« On ne peut pas se laisser plier ». Professeure d’histoire-géographie au collège Saint Exupéry de Perpignan, Nathalie Leverrier croit fort en un enseignement des valeurs républicaines au collège. Elle monte des projets pédagogiques où se mêlent la géographie, l’histoire, l’EMC et qui associent la professeure de français, d’arts plastiques ou la professeure documentaliste. Au final les élèves comprennent et agissent. Dans une région où l’extrême droite est particulièrement forte, Nathalie Leverrier ne baisse pas les bras.
Des images flottantes…
Au départ de cette rencontre avec Nathalie Leverrier une séquence présentée sur le site académique de Montpellier sur les « images flottantes ». Les collégiens y sont amenés à réagir aux réutilisations des mêmes images de migrants et aux messages qu’elles portent.
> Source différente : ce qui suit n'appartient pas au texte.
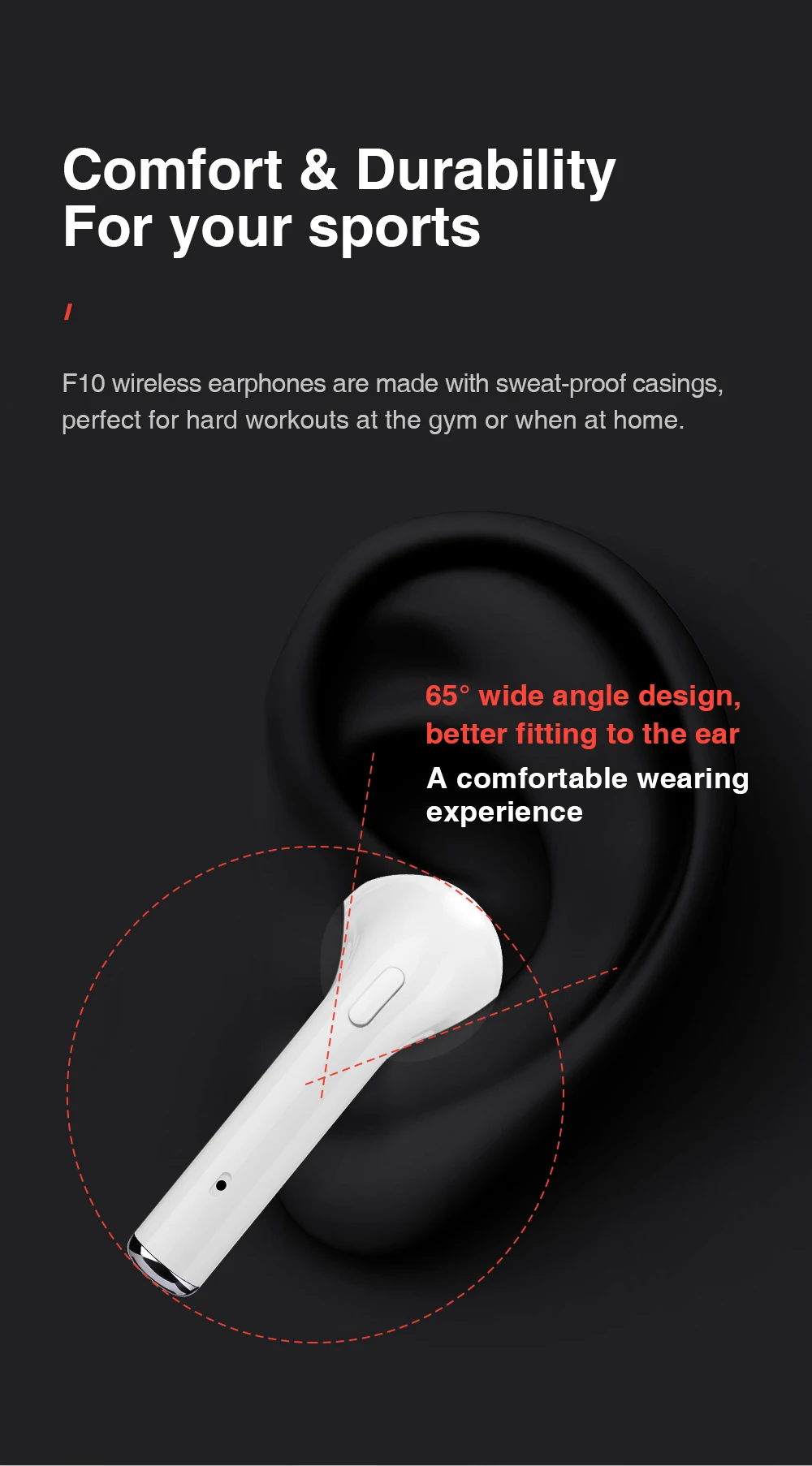 65° wide angle design, better fitting to the ear
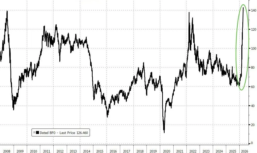 所谓现货价格,反映的是未来10至30天内交付的布伦特原油船货需求。当前这一价格大幅上冲,凸显出在伊朗关闭霍尔木兹海峡之后,全球原油实货供应正面临极度紧张局面。
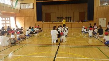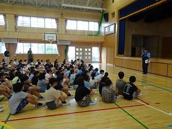 その後、全員が体育館の集合して講師2名から振り返りの話を聞きました。

C’est tout un travail de lecture des images qui est mené. La séquences relève-t-elle de la géographie ,de l’EMC, de l’EMI ? Montée avec Mme Mandrillen, la professeure documentaliste, elle est à cheval sur les disciplines et elle arrive après un cours d’histoire sur Voltaire précise N. Leverrier… Enfin elle participe d’un Epi avec les professeurs de français et technologie.
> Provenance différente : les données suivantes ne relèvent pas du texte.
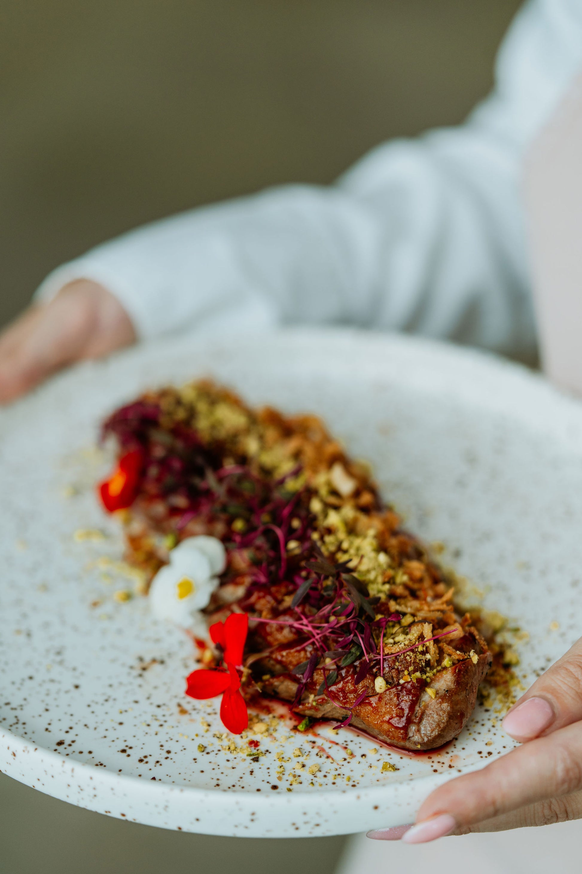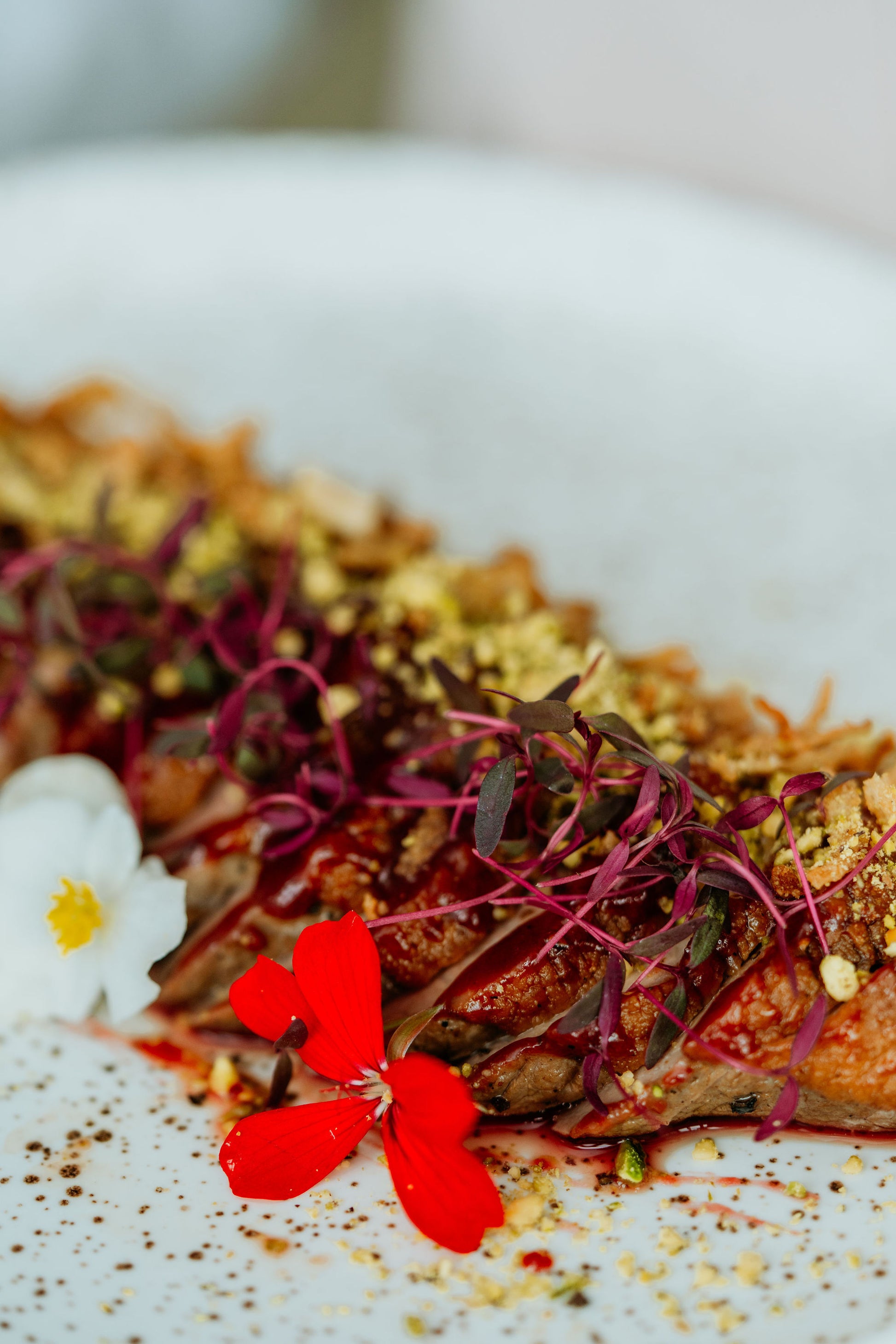 Koostis: pardi rinnafilee, sool, must pipar, punasesõstra mop (punane sõstar, punane vein, suhkur, või, sool), pistaatsiapähkel

Montée après la participation à un séminaire national sur l’analyse d’images, il s’agit » de développer l’esprit d’observation et de critique des élèves à l’égard des images et dans un second temps d’apprendre à utiliser le numérique et de découvrir les pièges d’internet ».
A la découverte de ses racines migrantes…
Le site académique offre une autre séquence, toujours en 4ème, dans le cadre d’un projet franco allemand. « Nous sommes tous des immigrés » qui s’appuie sur l’histoire du camp de Rivesaltes tout proche. Les élèves doivent constituer un parcours de visite pour les correspondants allemands.
» Ce projet pluridisciplinaire vise à faire réfléchir les élèves sur ce qu’est « être un migrant » en partant de leur histoire familiale », dit N Leverrier. « Le but étant de partir à la recherche de leur propre identité, de la partager et de réfléchir à notre sentiment d’appartenance à la Nation, à nos valeurs partagées. Depuis quatre ans nous menons ce projet en variant nos approches mais l’esprit reste le même. A chaque fois nos élèves ont découvert leur histoire familiale (certains ont notamment appris que leurs ancêtres étaient des Républicains espagnols), ont fait la chasse aux idées reçues sur l’immigration. La rencontre avec des intervenants comme Nicole Mathieu de la CIMADE ou Anne Marie Delcamp, bénévole à l’association RESF (réseau d’éducation sans frontières), sont l’occasion pour les élèves de découvrir l’engagement de citoyens à travers le monde associatif, de comprendre le périple des migrants ».
A l’engagement citoyen
Tout ce travail mène à l’engagement des élèves. Dans le cadre de ce projet, ils ont créé une association, avec tout ce que cela implique de travail administratif puis de communication sur leur projet, pour collecter des fournitures scolaires pour les enfants migrants soutenus par RESF.
A Perpignan, le candidat Front national a réuni 41% des voix au second tour des législatives 2017. Mais pour N Leverrier la transmission des valeurs « c’est important » et « on ne peut pas se laisser plier. Il faut tenir ce discours sur la fraternité et les élèves le comprennent ».
La démarche est toujours éducative. « Je ne veux pas faire changer d’avis les élèves mais créer le doute. Je montre d’autres points de vue ». Créer le doute c’est exactement l’objectif de la séquence sur les « images flottantes ». « Les élèves ont appris à prendre du recul sur ce qui circule sur les réseaux sociaux, à gérer leurs émotions quand ils regardent une image ».
N Leverrier, elle, n’a pas de doute sur le métier d’enseignant. C’est transmettre des valeurs et les mettre en action dans son enseignement. Un métier d’éveilleur.